On February 11, 2025, a U.S. federal court issued a landmark ruling on fair use in AI training data. In Thomson Reuters Enter. Ctr. GmbH v. Ross Intel. Inc., the court found that Ross Intelligence’s use of Thomson Reuters’s Westlaw headnotes to train a nongenerative AI tool was not protected by fair use.
At the time of the district court’s ruling, the decision sparked widespread media coverage, with many commentators suggesting it set a precedent for the flood of AI-related copyright lawsuits then pending. However, the ruling has had a narrower applicability than some headlines suggested.
Why the Thomson Reuters v. Ross Ruling Was Limited
Key differences limited the breadth of the case’s influence. These included the nature of Ross’s product, access to the copyrighted works, and the type of AI involved.
Ross’s AI tool directly competed with Thomson Reuters’s Westlaw platform, creating a clear market substitute. This harmed Thomson Reuters’s potential market, including the market for licensing training data.
Westlaw’s headnotes are behind a paywall, available only to subscribers. Ross’s unauthorized access and use of this content undermined its fair use argument.
Generative vs. Nongenerative AI: A Critical Distinction
The type of AI at issue was a critical factor in the court’s decision. Ross’s nongenerative tool used the headnotes to enhance a legal research tool that performed the same basic function as Westlaw. Because the use was not transformative, the court found against Ross on fair use’s first factor.
Many AI copyright cases involve generative AI models that synthesize training data into entirely new outputs. Courts have since addressed how these transformative uses fit into the fair use framework.
Within weeks of the Thomson Reuters decision, two Northern District of California judges ruled on closely related questions involving large language models trained on copyrighted books. In Bartz v. Anthropic, the court held that training Anthropic’s models on lawfully acquired copyrighted books was fair use.

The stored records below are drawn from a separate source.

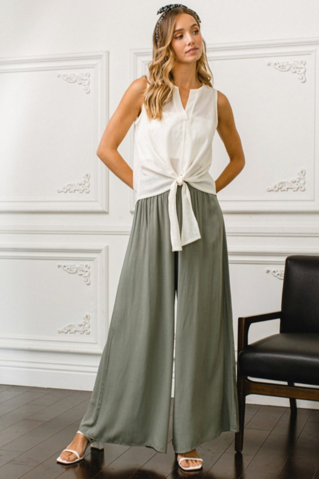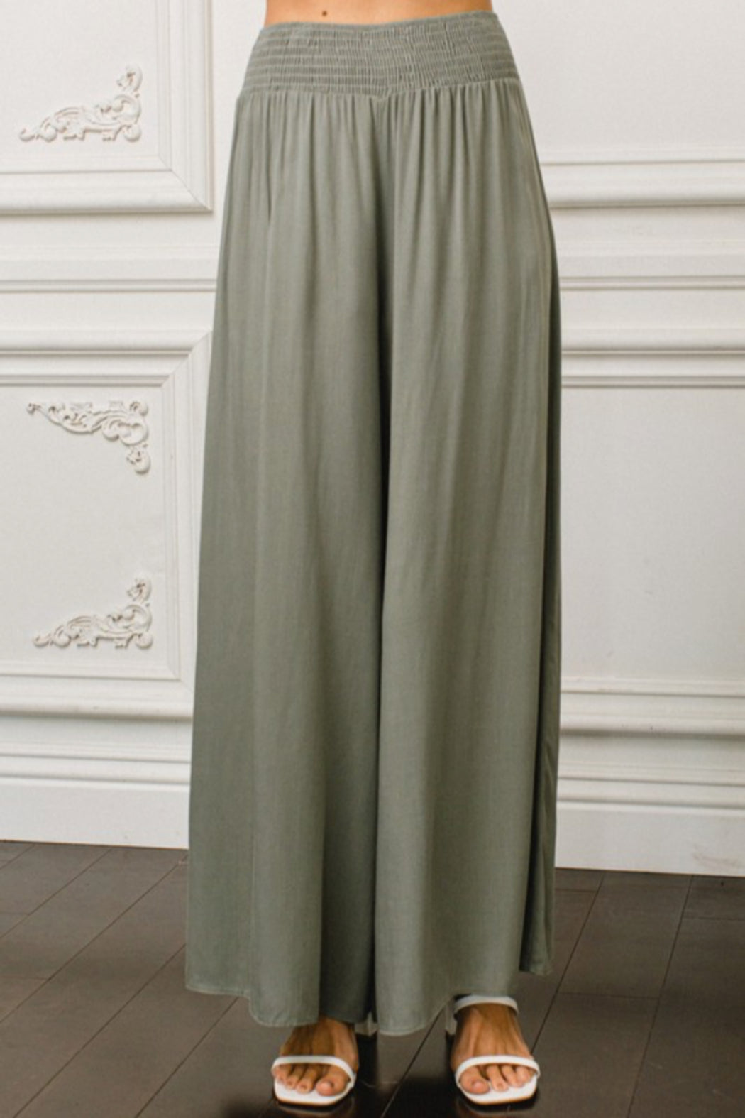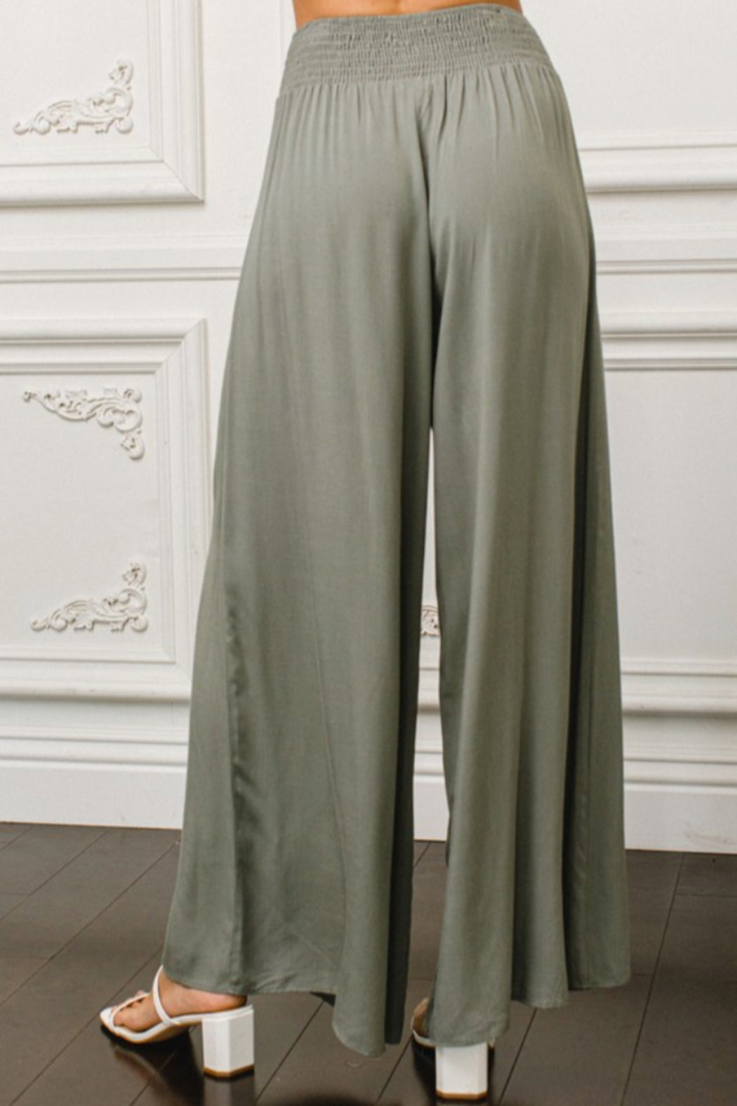 These wide leg pants feature a textured fabric, high waist and smocked waist. Pairs great with your favorite t-shirt or tank top!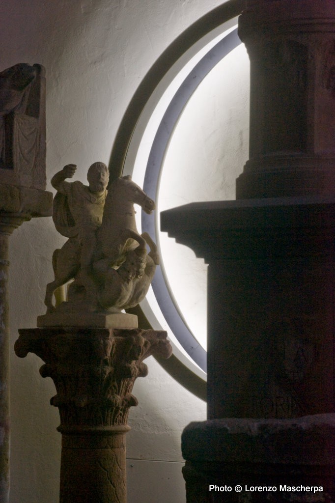 Al centro della navata destinata all’esposizione dei reperti appartenenti al periodo romano, un gruppo di colonne, basamenti e capitelli giacciono posati su una pedana metallica. Dalla parete retrostante un grande anello di luce dinamica, bianca e argentea, domina e scansiona le colonne rivelandone la forma, la materia, l’origine. L’anello, fin dai tempi dell’antica Roma, simboleggia l’eternità. Intermittenze e bagliori, emanati da Anulus, creano un magnetico e catalizzatore “polo di luce” misterioso ed enigmatico, che attraverso una sequenza di scie luminose irrompe nello spazio. Un sofisticato sistema di controllo gestisce le variazioni di luce diretta e indiretta, che si irradiano nell’ambiente come provenienti dalle profondità dello spazio e del tempo.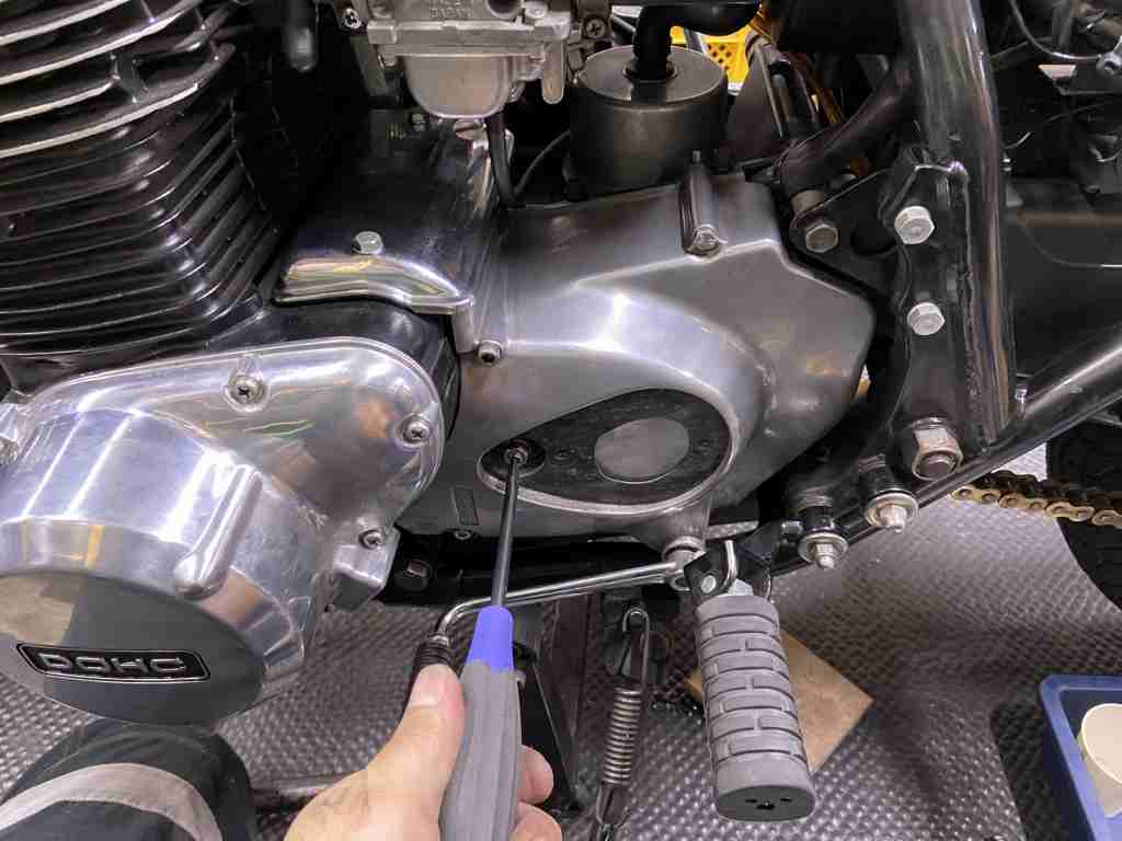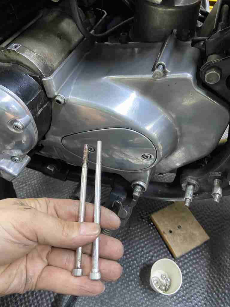 スプロケカバーのボルトは、1本短い物が付いていたので、正規の長さのボルトに変更します。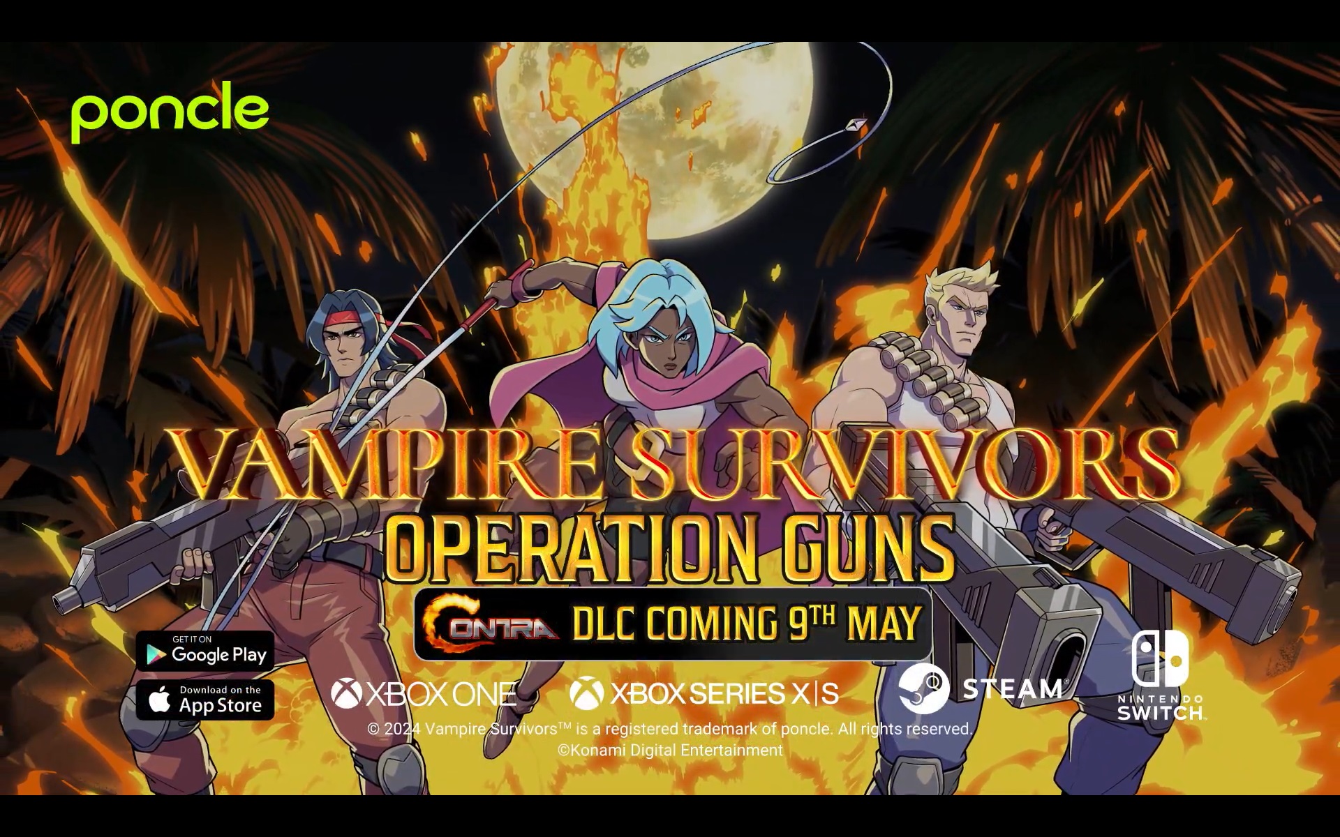 Vampire Survivors today unveiled Operation Guns as its latest DLC, which features a collaboration with Konami’s Contra series. It’s due out on May 9, 2024.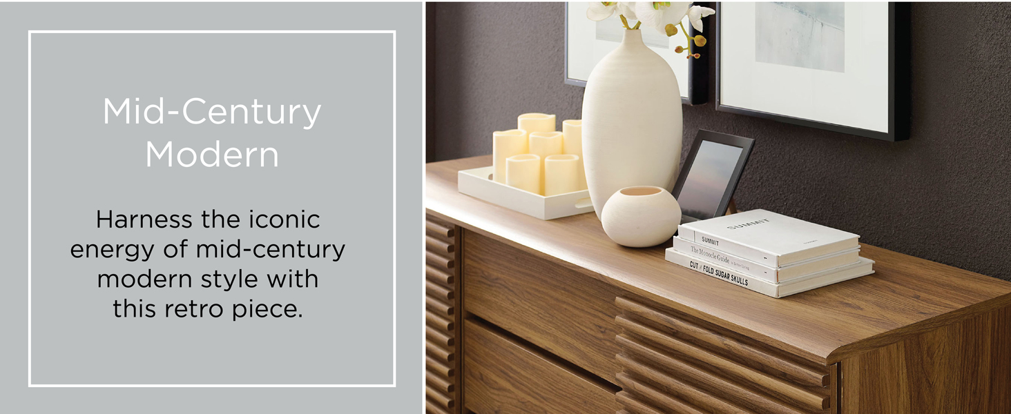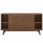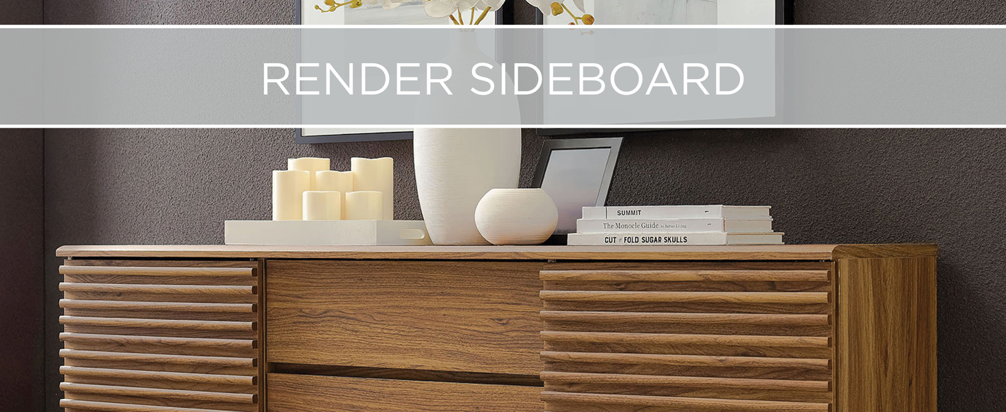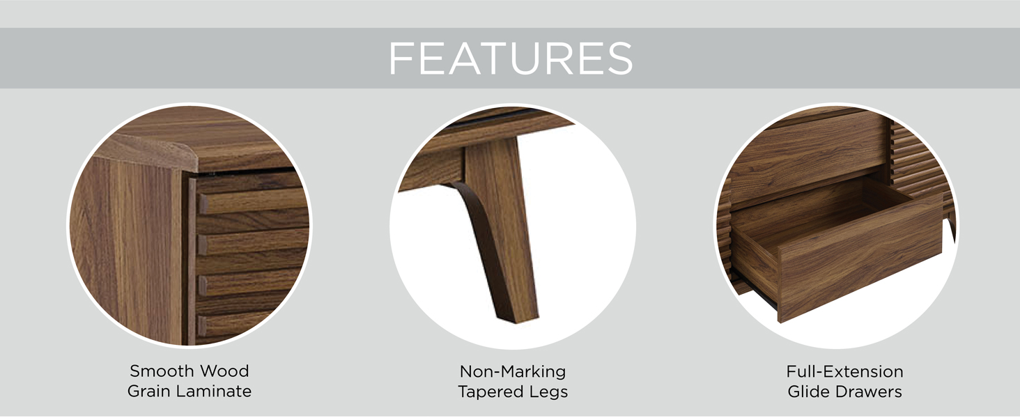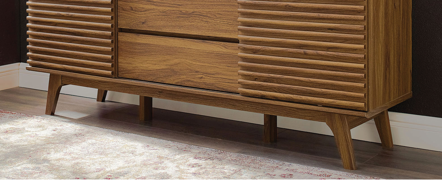 Tap into mid-century aesthetics With the render sideboard buffet display stand. This dining room buffet table features a durable particleboard frame with smooth Walnut grain laminate, four tapered wood legs, an adjustable shelf on both sides, three center full-extension glide drawers, and two sliding doors for easy access to shelf storage. Render features an abundance of storage for your silverware, dishes, and other dining room finery. Boasting a mid-century modern style this accent table features a solid construction with a pleasing look and practical functionality. Perfect as a sideboard, credenza, storing and serving buffet table, and display stand, transmit also accommodates flat-screen TVs up to 70” wide as a living room or lounge area TV stand.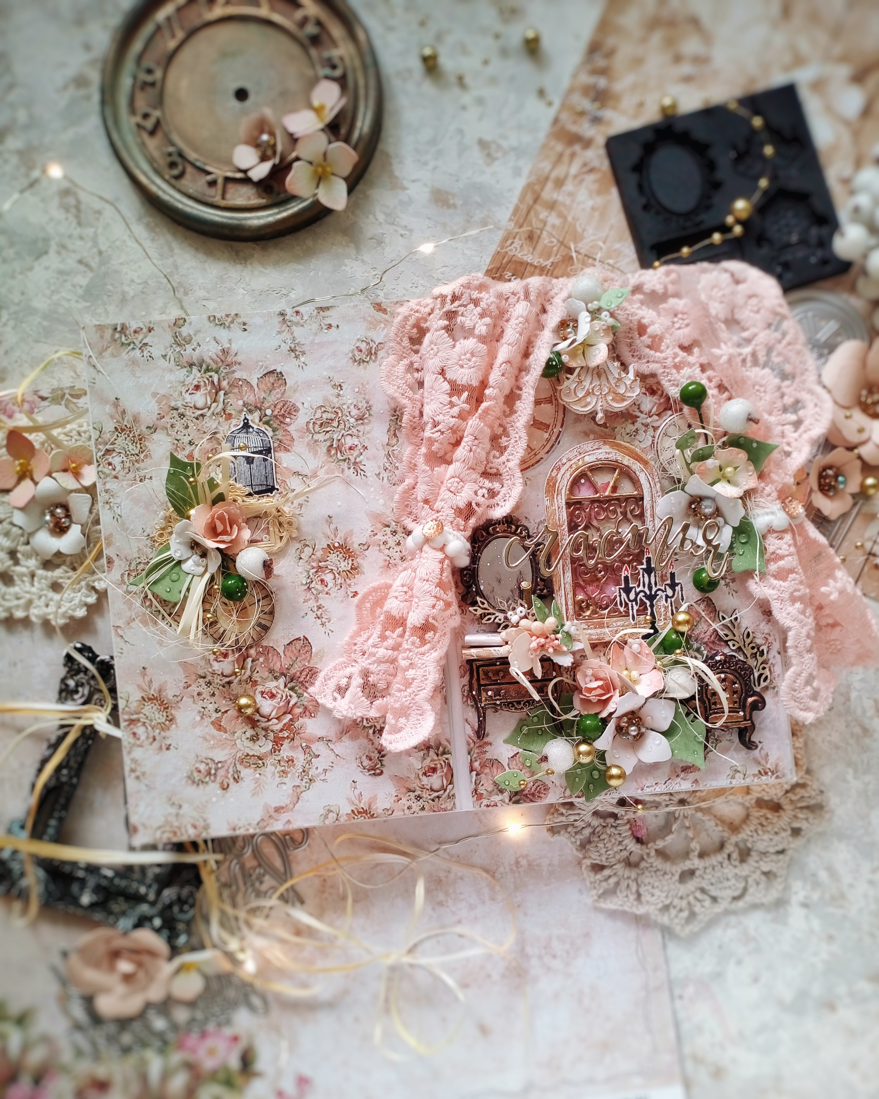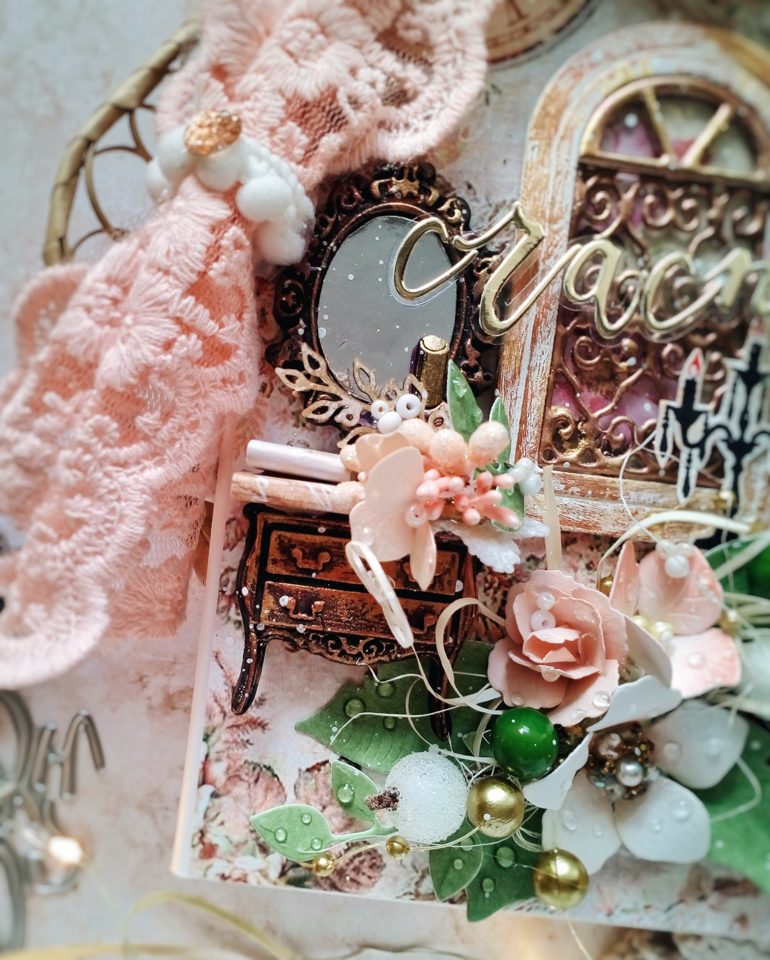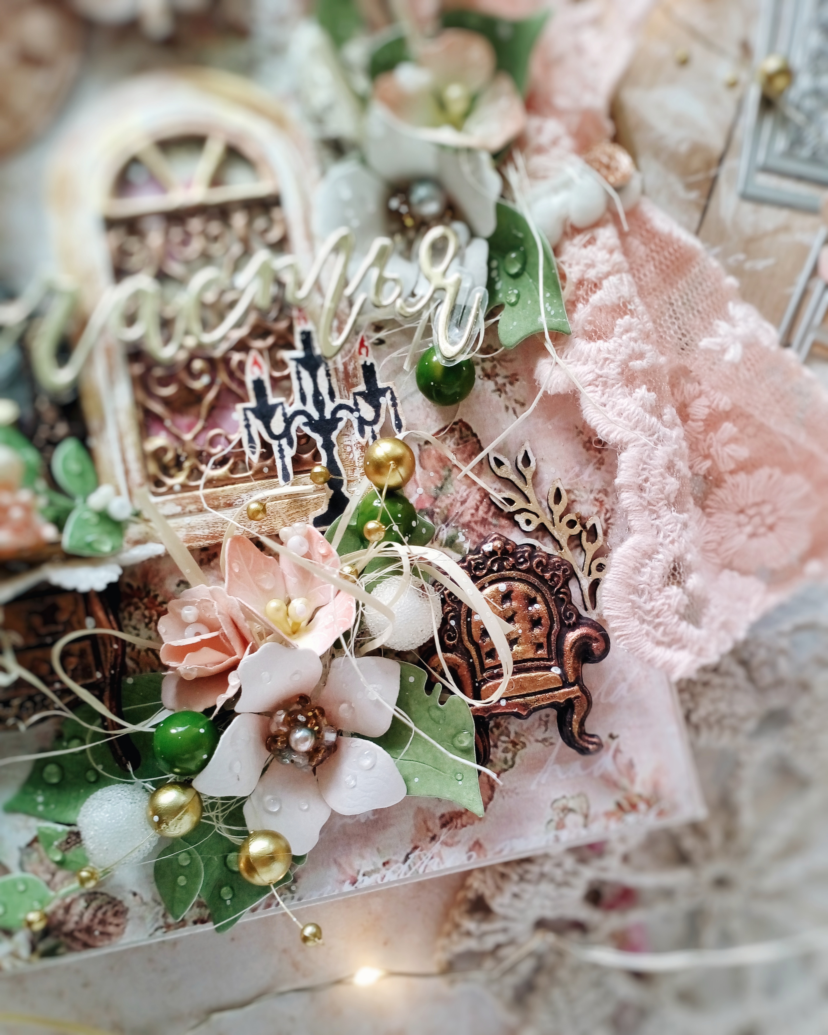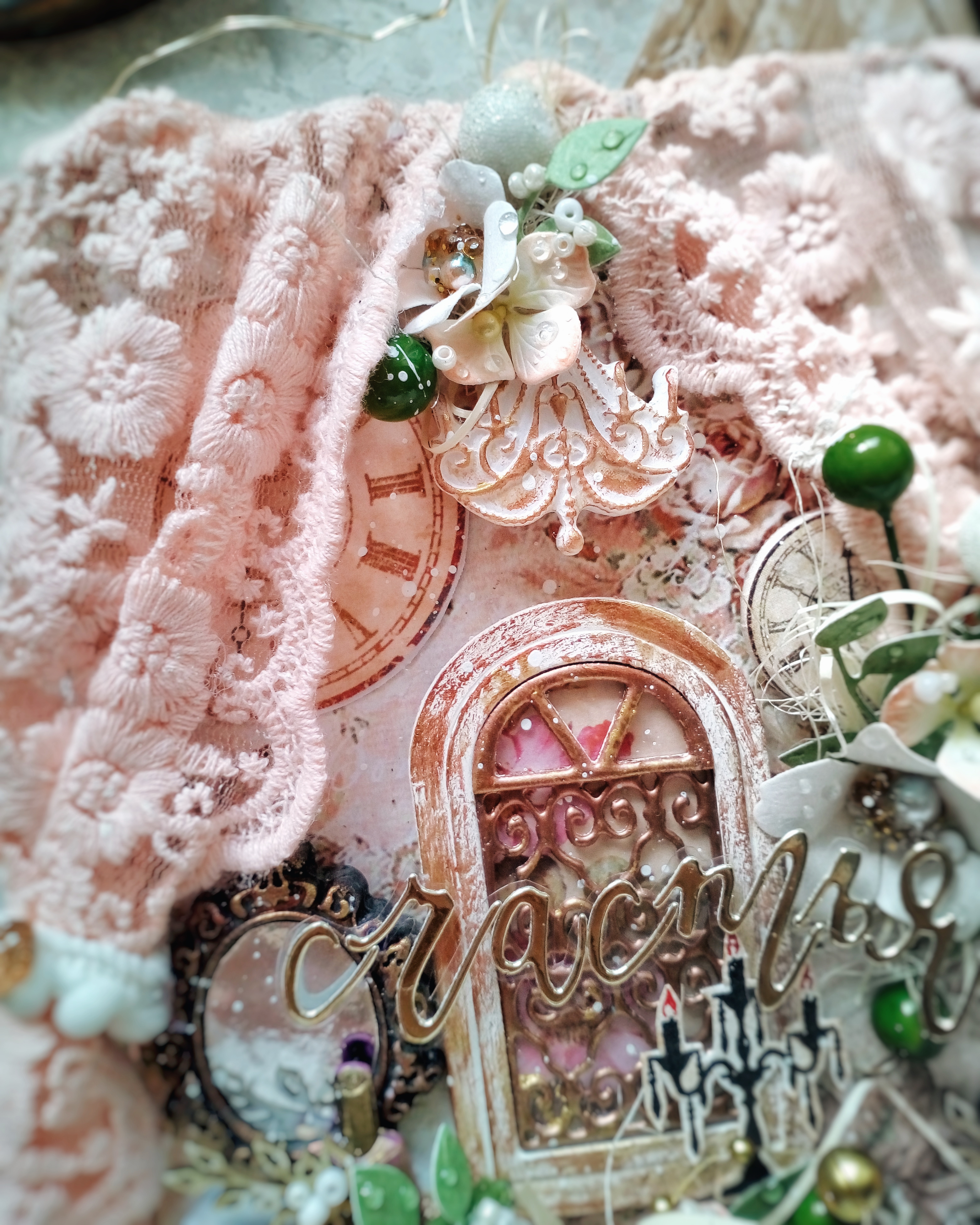 Для разнообразия фон из скрапбумаги с цветочным принтом, как старые обои. Шторы я сделала из широкого кружева, а окно - это вырубка из набора "Распахни настежь окна" от Mimi cut, на этот раз более ажурным и женственным ножом. Внутреннюю часть окна покрыла медной пудрой для эмбоссинга и добавила "стекло" под низ из плёнки.

However, the court found infringing when books were obtained from pirate libraries.
A similar split was reached in Kadrey v. Meta, involving Meta’s Llama models. These rulings sharpen the distinction between generative and nongenerative AI, as well as lawful and unlawful acquisition of training data.
The line that matters most is not only generative versus nongenerative AI, but also lawful acquisition versus unlawful acquisition of the underlying training data. Companies should vet the provenance of training data, not just how they classify the type of AI involved.
The Ongoing Appeal and Its Implications
The Thomson Reuters v. Ross case is not yet fully resolved. The Third Circuit granted Ross permission to pursue an interlocutory appeal, and oral arguments were heard on June 11, 2026. As of this writing, the appellate decision remains pending, and district court proceedings are stayed.
Reporting from the oral argument suggests that the appellate panel expressed skepticism toward Ross’s transformative-use theory. However, the outcome remains genuinely open, and the Third Circuit’s ruling will be the first federal appellate decision on fair use and AI training data.
Practical Steps for Creators and Businesses
While the legal environment continues to evolve, creators and businesses can take proactive measures to protect their intellectual property. Use strong contracts: Clear licensing terms and usage restrictions can prevent unauthorized use of your content, even for AI training purposes.